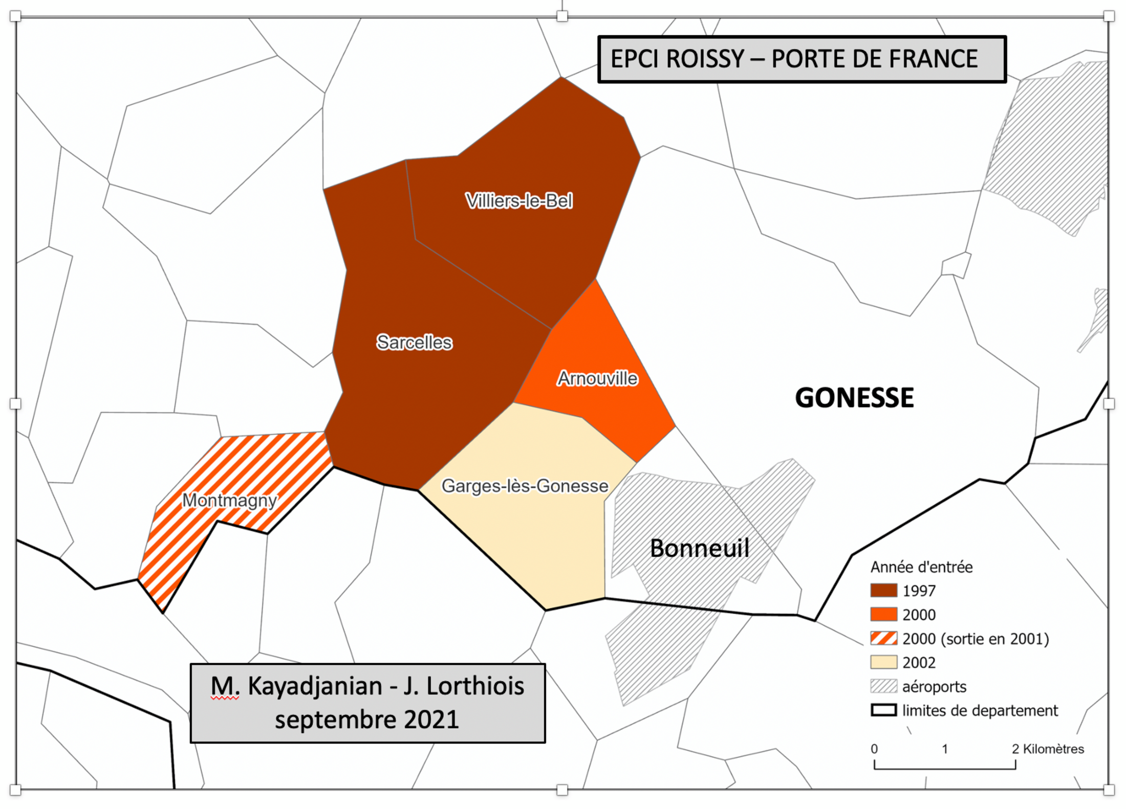 Pendant ce temps, au sud du secteur Est-95, s’est organisée de son côté, en zone urbaine dense, une communauté de communes intitulée « Val de France » sur des bases totalement différentes, avec quelques villes fortement peuplées de classes populaires, positionnées à gauche. Au départ, en 1997, deux municipalités socialistes se fédèrent : Sarcelles, (près de 60 000 habitants en 1999) et Villiers-le-Bel (26 000). Elles se caractérisent par un tissu urbain de grands ensembles et de quartiers sensibles, très déficitaire en emplois (pour les deux communes : 19 115 postes de travail en 1999, contre 36 377 actifs « totaux », soit un ratio couvert à 52%) avec des taux de chômage et de pauvreté élevés (revenu médian annuel [17] en 2011 : Sarcelles, 12 036 € ; Villiers-le-Bel, 11 880 €, contre 23 100 € en moyenne pour l’EPCI de Roissy-Porte de France). Ce tandem est rejoint en 2000 par la ville de Montmagny, pour une durée-éclair : dès 2001, le maire PS est remplacé par un élu RPR qui effectue alors un repli stratégique vers la communauté d’agglomération de droite de la Vallée de Montmorency (CAVAM). Deux communes de droite se rajoutent à cet ensemble : Arnouville en 1999 (même tissu urbain, même gare que Villiers-le-Bel) ; puis Garges-lès-Gonesse en 2002, ce qui permet à l’intercommunalité d’accéder au statut de communauté d’agglomération. Il est à noter qu’une « entente cordiale » s’est instaurée entre le PS de Sarcelles et la droite de Garges-lès-Gonesse pour empêcher le PC de reprendre son fief historique gargeois occupé durant 50 ans et perdu en 1995, qu'une union de la gauche aurait permis de regagner. La constitution progressive de l'EPCI est illustrée Figure 2.
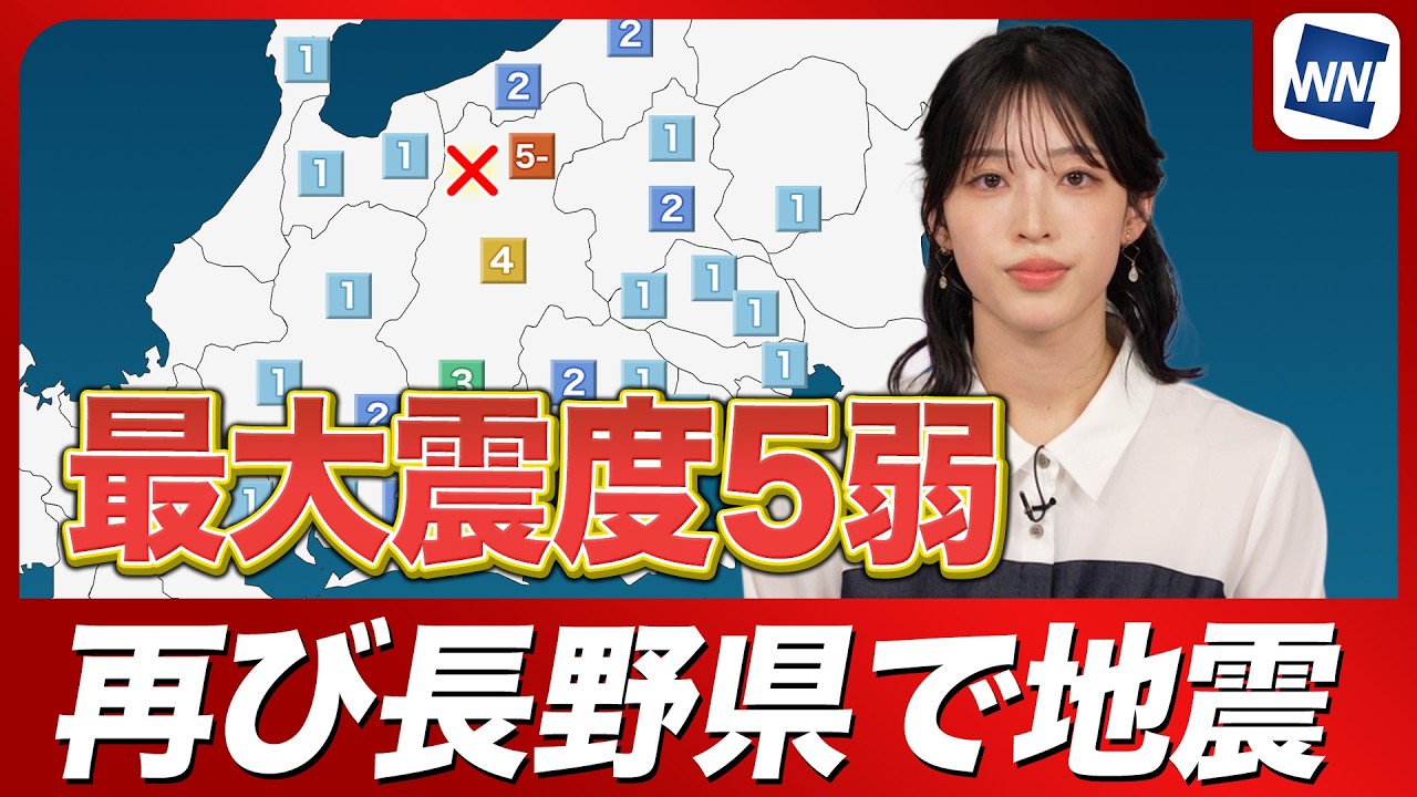 【地震情報】長野県北部で再び地震 M5.1で最大震度5弱 津波の心配なし
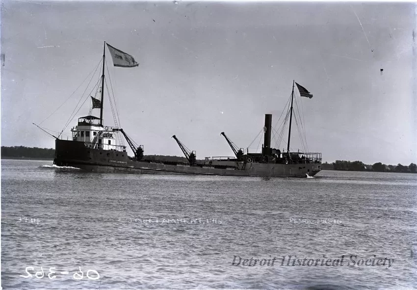 Monochromatic glass-plate negative from the studio of Louis James Pesha depicting the port side of the Great Lakes and St. Lawrence Transportation Company freighter JOHN LAMBERT, under steam. Two figures are on the flying bridge, and two others are near the stern. A tree-lined shoreline is visible in the background. The image is captioned with the year, 1916. "63-13-#2, 3194," was handwritten on the non-archival envelope which previously held the plate.
================================
● DIRECTIONS
The pictures stay out; copy the rest of the data word for word.

● RESULT OF THE EXERCISE
 Pendant ce temps, au sud du secteur Est-95, s’est organisée de son côté, en zone urbaine dense, une communauté de communes intitulée « Val de France » sur des bases totalement différentes, avec quelques villes fortement peuplées de classes populaires, positionnées à gauche. Au départ, en 1997, deux municipalités socialistes se fédèrent : Sarcelles, (près de 60 000 habitants en 1999) et Villiers-le-Bel (26 000). Elles se caractérisent par un tissu urbain de grands ensembles et de quartiers sensibles, très déficitaire en emplois (pour les deux communes : 19 115 postes de travail en 1999, contre 36 377 actifs « totaux », soit un ratio couvert à 52%) avec des taux de chômage et de pauvreté élevés (revenu médian annuel [17] en 2011 : Sarcelles, 12 036 € ; Villiers-le-Bel, 11 880 €, contre 23 100 € en moyenne pour l’EPCI de Roissy-Porte de France). Ce tandem est rejoint en 2000 par la ville de Montmagny, pour une durée-éclair : dès 2001, le maire PS est remplacé par un élu RPR qui effectue alors un repli stratégique vers la communauté d’agglomération de droite de la Vallée de Montmorency (CAVAM). Deux communes de droite se rajoutent à cet ensemble : Arnouville en 1999 (même tissu urbain, même gare que Villiers-le-Bel) ; puis Garges-lès-Gonesse en 2002, ce qui permet à l’intercommunalité d’accéder au statut de communauté d’agglomération. Il est à noter qu’une « entente cordiale » s’est instaurée entre le PS de Sarcelles et la droite de Garges-lès-Gonesse pour empêcher le PC de reprendre son fief historique gargeois occupé durant 50 ans et perdu en 1995, qu'une union de la gauche aurait permis de regagner. La constitution progressive de l'EPCI est illustrée Figure 2.
 【地震情報】長野県北部で再び地震 M5.1で最大震度5弱 津波の心配なし
 Monochromatic glass-plate negative from the studio of Louis James Pesha depicting the port side of the Great Lakes and St. Lawrence Transportation Company freighter JOHN LAMBERT, under steam. Two figures are on the flying bridge, and two others are near the stern. A tree-lined shoreline is visible in the background. The image is captioned with the year, 1916. "63-13-#2, 3194," was handwritten on the non-archival envelope which previously held the plate.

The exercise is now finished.